Montessori is centered on establishing independence, self-esteem, and confidence while fostering learning at a child’s own pace.
This self-paced education is accomplished by changing the role of adults in the classroom from teachers of a whole class into that of “guides,” as they are often called, for the students as individuals. According to the American Montessori Society, guides have four principle goals, which encompass what the Montessori method hopes to achieve. The guide strives to :
- awaken your child’s spirit and imagination
- to encourage his normal desire for independence and high sense of self-esteem
- help him develop the kindness, courtesy, and self-discipline that will allow him to become a full member of society
- help him learn how to observe, question, and explore ideas independently
The guide may introduce a lesson to the class as a whole, but will then focus on working with students in small groups as they investigate topics on their own in a carefully prepared classroom environment. This individualized attention means children with special needs — whether they are gifted or delayed — often do well in a Montessori environment.

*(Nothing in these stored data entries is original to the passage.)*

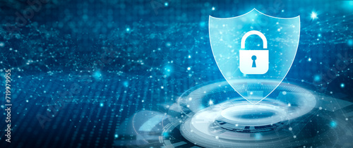 Wall mural shield with padlock icon in personal data security cyber data and information privacy with blue back - Wall murals Wall mural shield with padlock icon in personal data security cyber data and information privacy with blue back - Wall murals
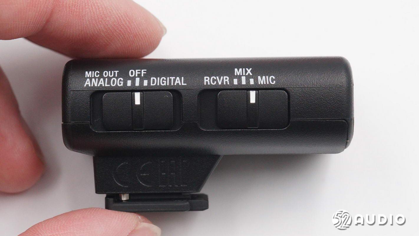 接收器在功能方面,支持“数字连接、有线连接”两种连接模式切换;内置3种不同的声音采集模式“MIC模式”、“RCVR模式”以及“MIX模式”,用于应对不同的使用环境。接收器背面设有Mi热靴可以直接连接到摄像机上,方便用户使用。
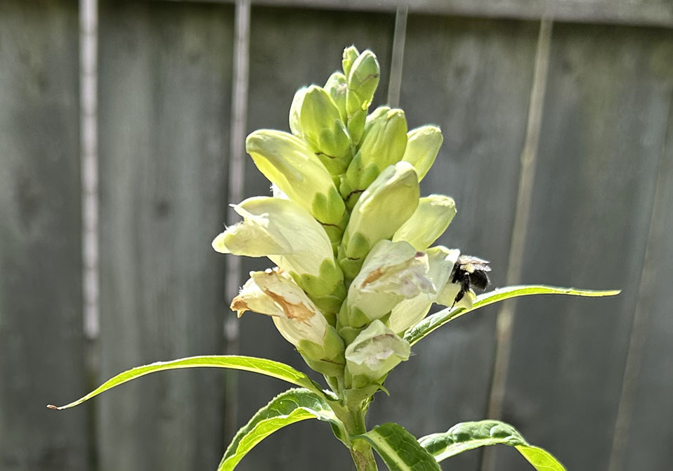 Most flowers in our yard are spent, so we’re grateful the turtlehead have just come into bloom and our bee friends have food.
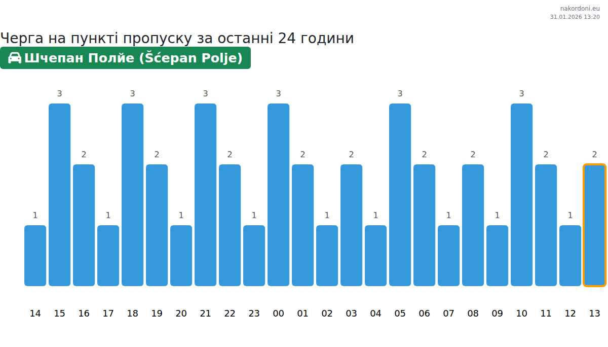 Для уникнення довгих черг на кордоні на пункті пропуску Шчепан Полйе (Šćepan Polje) - легковий автомобіль, рекомендуємо планувати перетин кордону в години найменшого навантаження. Згідно з даними за минулу добу, найменша кількість автомобілів спостерігалася між :00 та 2:00 годинами. Це ідеальний час для перетину кордону, щоб зекономити час і уникнути затримок.
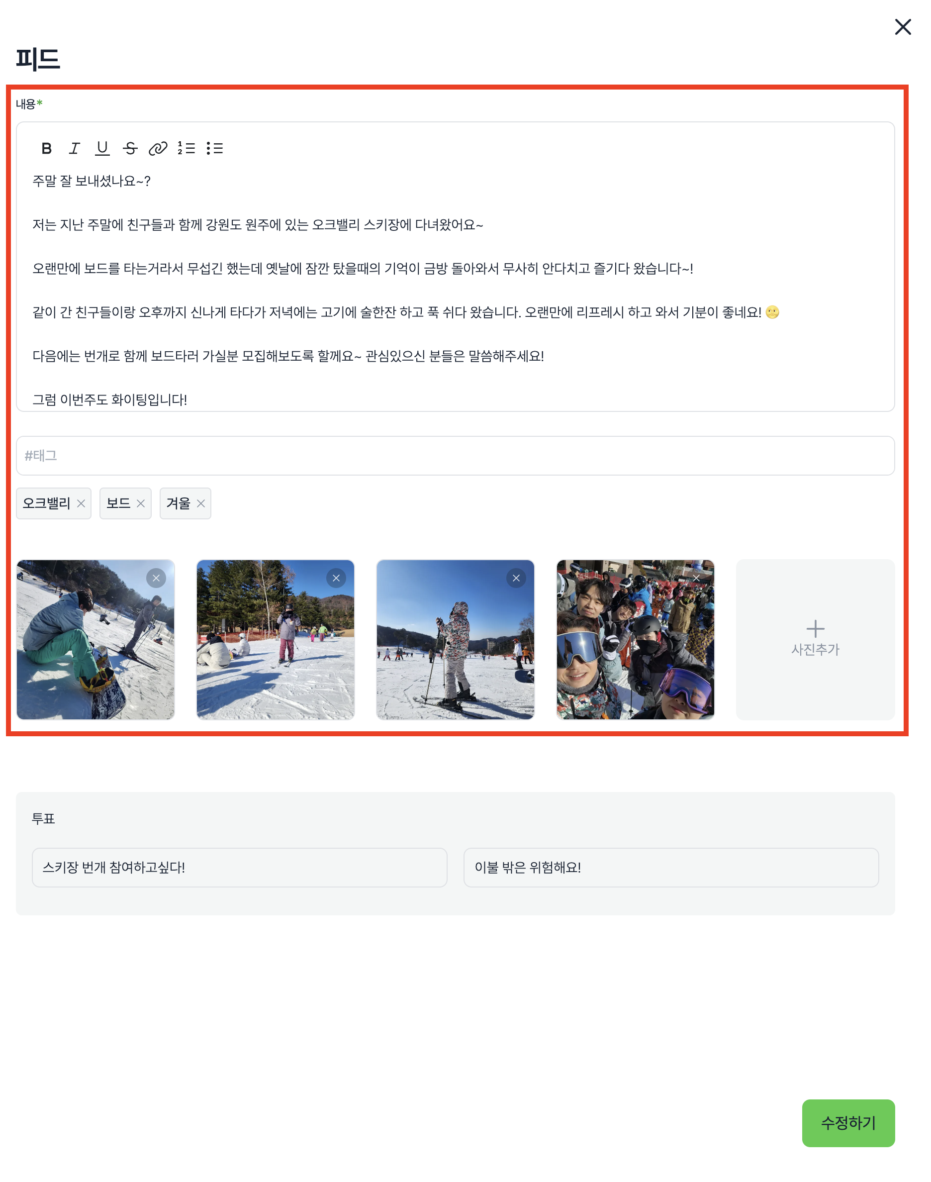 단계 3) [수정하기] 버튼을 클릭하여 피드 수정을 완료합니다.
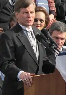 McDonnell was elected governor of Virginia after using the campaign slogan "Bob's for Jobs."[2] He defeated Democratic state Senator Creigh Deeds by a 17-point margin in the 2009 general election, which was marked by the severe recession of the late 2000s. McDonnell succeeded Democrat Tim Kaine, who was term-limited by Virginia law.[3][4]
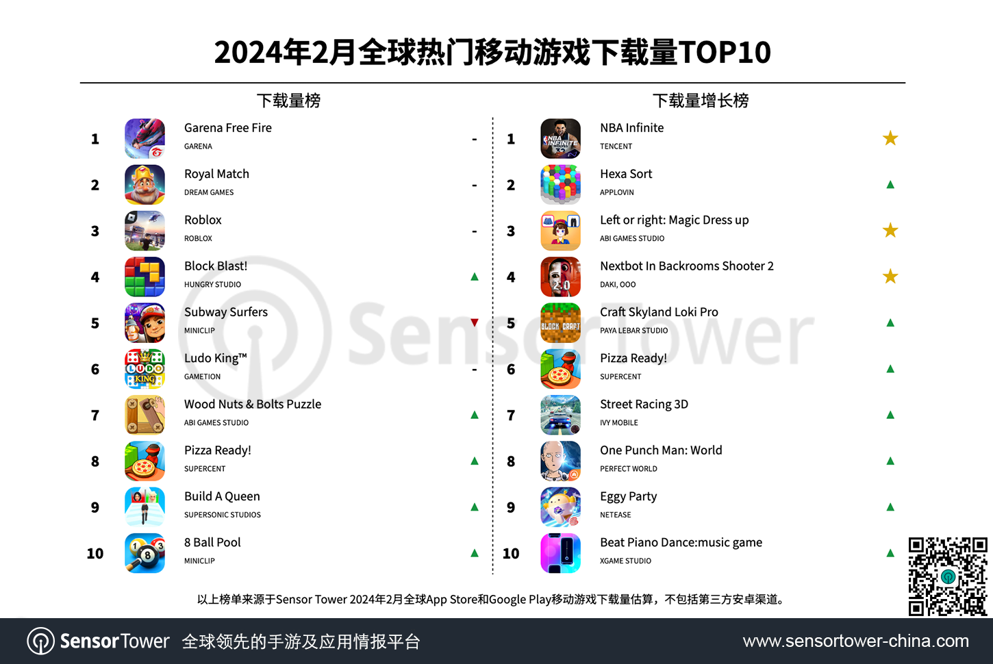 排名前五的另外3款游戏依次为《Roblox》、Hungry Studio《Block Blast!》和Miniclip《Subway Surfers 地铁跑酷》。
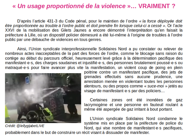Communiqué de Solidaires Nord suite à l’acte 26 de la mobilisation des Gilets jaunes à Lille
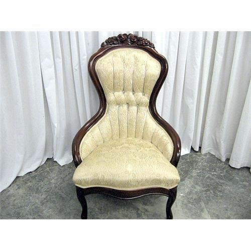We have for sale a victorian ladies chair. The chair has alot of detail carving of roses on top. The wood has a walnut stain. There is no manufacturers tag, I believe it was made in the 1960's, although I do not know the exact age or date. The wood is in real good condition. There is no chips or split in the wood. The fabric is in real good condition. It is a light cream color. There is a couple of small stains on the seat toward the back. We have plenty of pictures. It weighs 32 Pounds and measures 40.5 x 27 x 32.5.
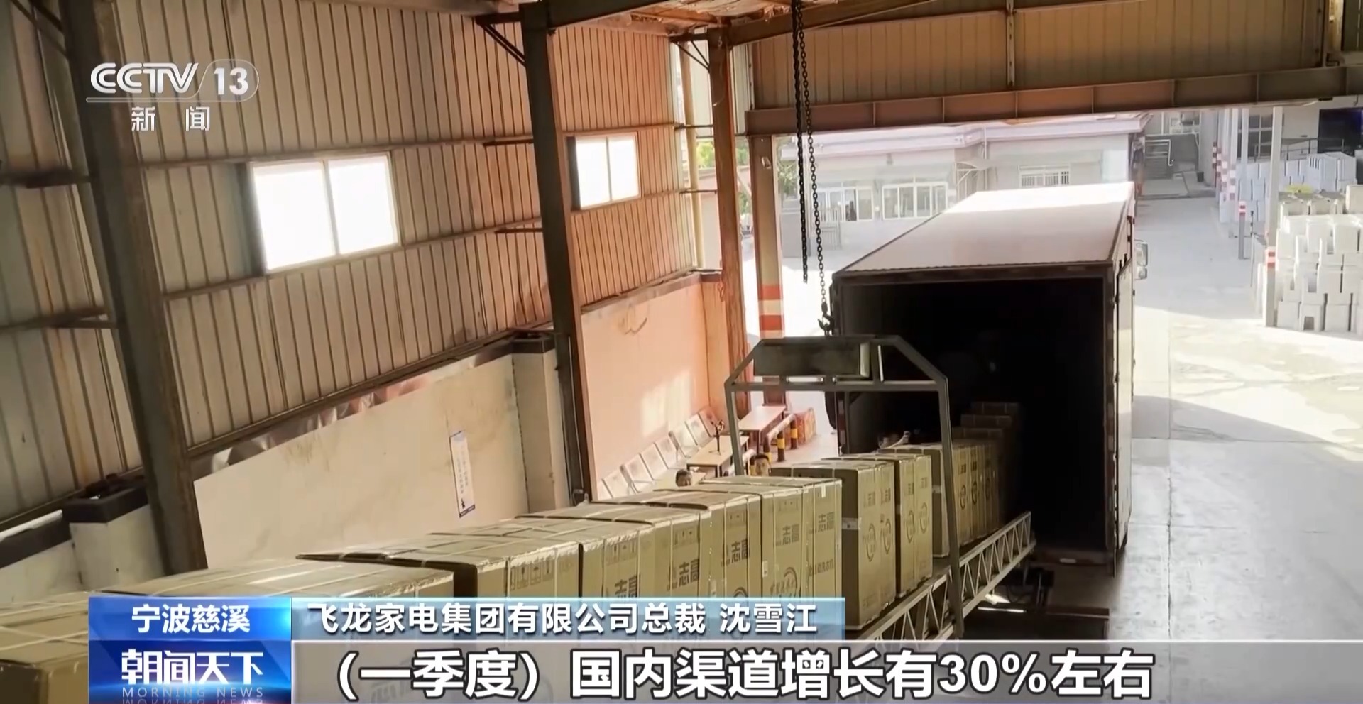 飛龍家電集團(tuán)有限公司總裁 沈雪江:我們每天都有貨發(fā)往上海、北京、鄭州這些地方。由于國補(bǔ)政策,一季度國內(nèi)渠道增長有30%左右。
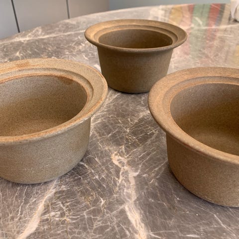 Gryde i i sort farve med rund form og bred åbning. Gryden har to hankeringe i siderne til ophæng eller håndtering. Egnet som dekorationsgenstand
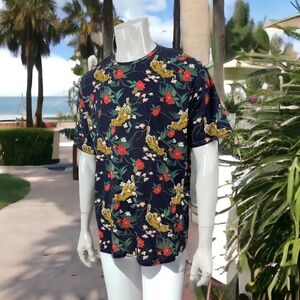 4th Dimension Mens XL Graphic Tiger Floral T Shirt Crewneck Short Sleeve NWT
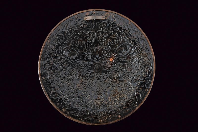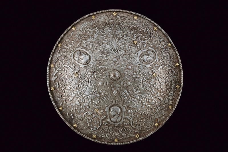 In ferro, di forma circolare convessa. Al centro cuspide su rosetta, la superficie decorata con tre medaglioni recanti busti di guerrieri all'antica circondati da decori floreali. Il margine con giro di rivetti in ottone, bordo rialzato e lavorato a fingere il tortiglione.

This environment is another trademark of a Montessori program. With so much emphasis on individual and small-group exploration, the room itself is kept bright, warm, and inviting. It will often contain many learning centers that allow a child to focus on what they are most interested in, while being shown through gentle encouragement that they should not be afraid of trying new things either. These centers are filled with objects that cater to what preschoolers are most responsive to — highly tactile, very hands-on learning materials that teach through manipulation.
The sense that they are in charge of this environment also fosters feelings of responsibility and accountability in the children, another focus of the Montessori approach. Studies have shown that a feeling of ownership contributes to better care of belongings. Visitors to Montessori classrooms are often amazed to see children working together to clean up centers after they are done experimenting and learning in them, feeding the animals they are helping raise, even watering plants and tending to small gardens in some instances.
This in turn helps create a mentality of cooperation, instead of competition, among the children. To further this cooperative spirit, Montessori classrooms are divided into three-year sections, which allow children to get to know their teachers and one another better. Older children are encouraged to help the younger children in their explorations, teaching compassion and instilling the lesson that there is no shame in needing help in life all at once.